┌─ Collected material

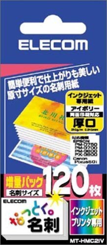 | ●名刺サイズにカットされたカット紙名刺です。●インクジェットプリンタ専用紙(アイボリー)●両面塗工仕様で、写真付き名刺の作成に適します / ● 印字面は両面塗工仕様で、デジカメ画像などの写真付き名刺の作成に適します ● 名刺サイズにカットされたカット紙名刺です。プリンターにそのまま差し込んで印刷できます ● インクジェットプリンタ専用紙(アイボリー) ● 紙厚(厚手)210g/m 0.245mm ● 120枚入り(両面) ● 名刺サイズでカットされているからエッジの仕上がりがきれい ● インクジェット専用紙ですのでインクジェットプリンタ以外のプリンタ、コピー機などではご使用出来ません ● 名刺サイズ(91x55mm) ● 対応プリンタ:EPSON PM-D750・PM-G700・PM-G800・PX-G900、Canon PIXUS 50i / |
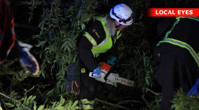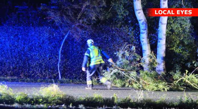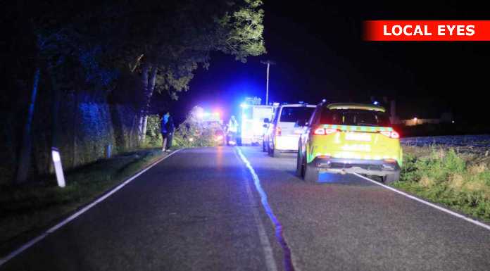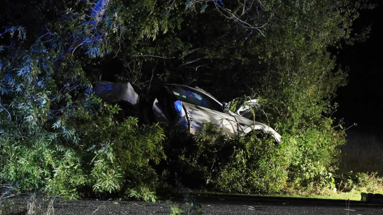 En bil var kørt ind i et træ og blev totalt foldet sammen. Føreren måtte klippes fri af brandvæsnet, der også var nødt til at fælde et træ for at få adgang til bilen.
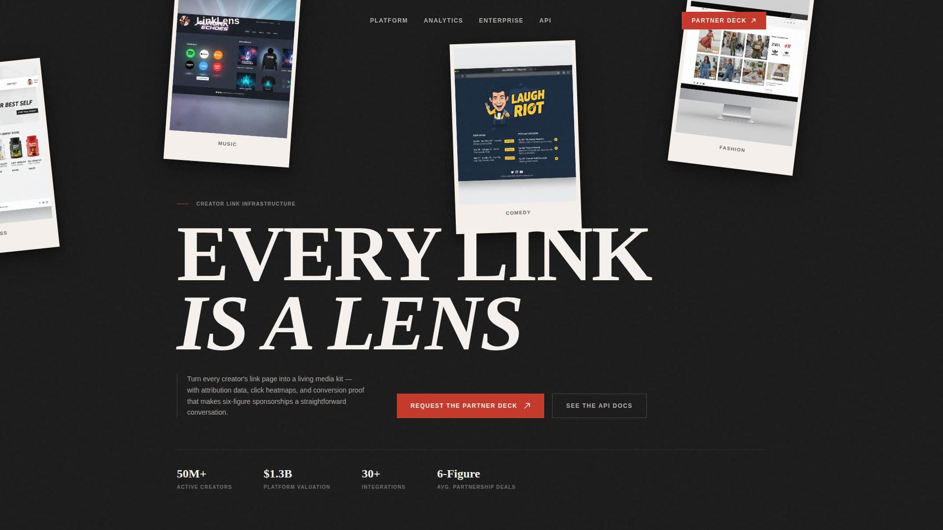 Linklens is a single-page template that transforms a creator's link page into a partnership-ready media kit. Built on an Ink and Paper color system with a Lens and Frame visual identity, it stacks layered creator page mockups that reveal real attribution data on scroll. The goal is simple: by the time a media buyer reaches the form, the business case is already made.
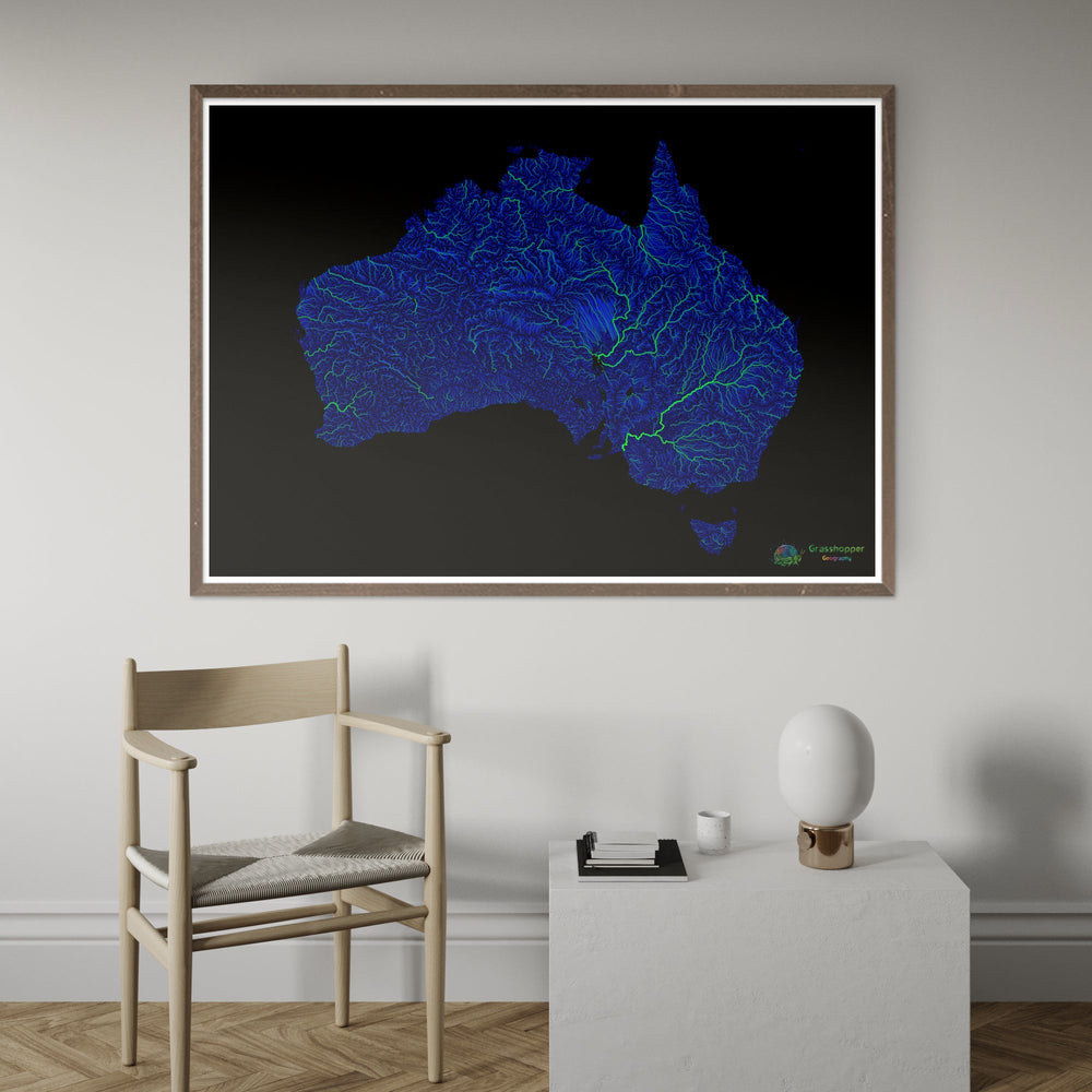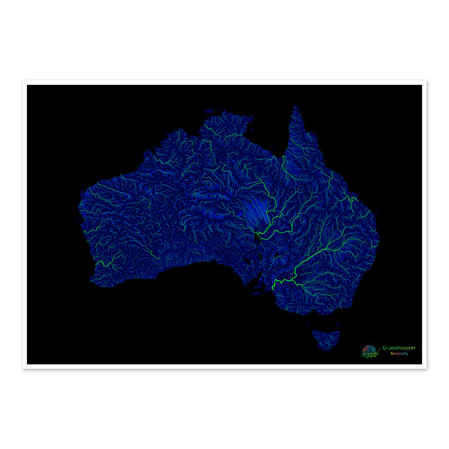 Австралия - Карта рек синего и зеленого цвета на черном фоне - Художественная печать

└─

-- Task prompt --
Skip the pictures and copy exactly the lines from the one containing "En bil var kørt" through the end of the material, both ends included.

-- Written solution --
 En bil var kørt ind i et træ og blev totalt foldet sammen. Føreren måtte klippes fri af brandvæsnet, der også var nødt til at fælde et træ for at få adgang til bilen.
 Linklens is a single-page template that transforms a creator's link page into a partnership-ready media kit. Built on an Ink and Paper color system with a Lens and Frame visual identity, it stacks layered creator page mockups that reveal real attribution data on scroll. The goal is simple: by the time a media buyer reaches the form, the business case is already made.
 Австралия - Карта рек синего и зеленого цвета на черном фоне - Художественная печать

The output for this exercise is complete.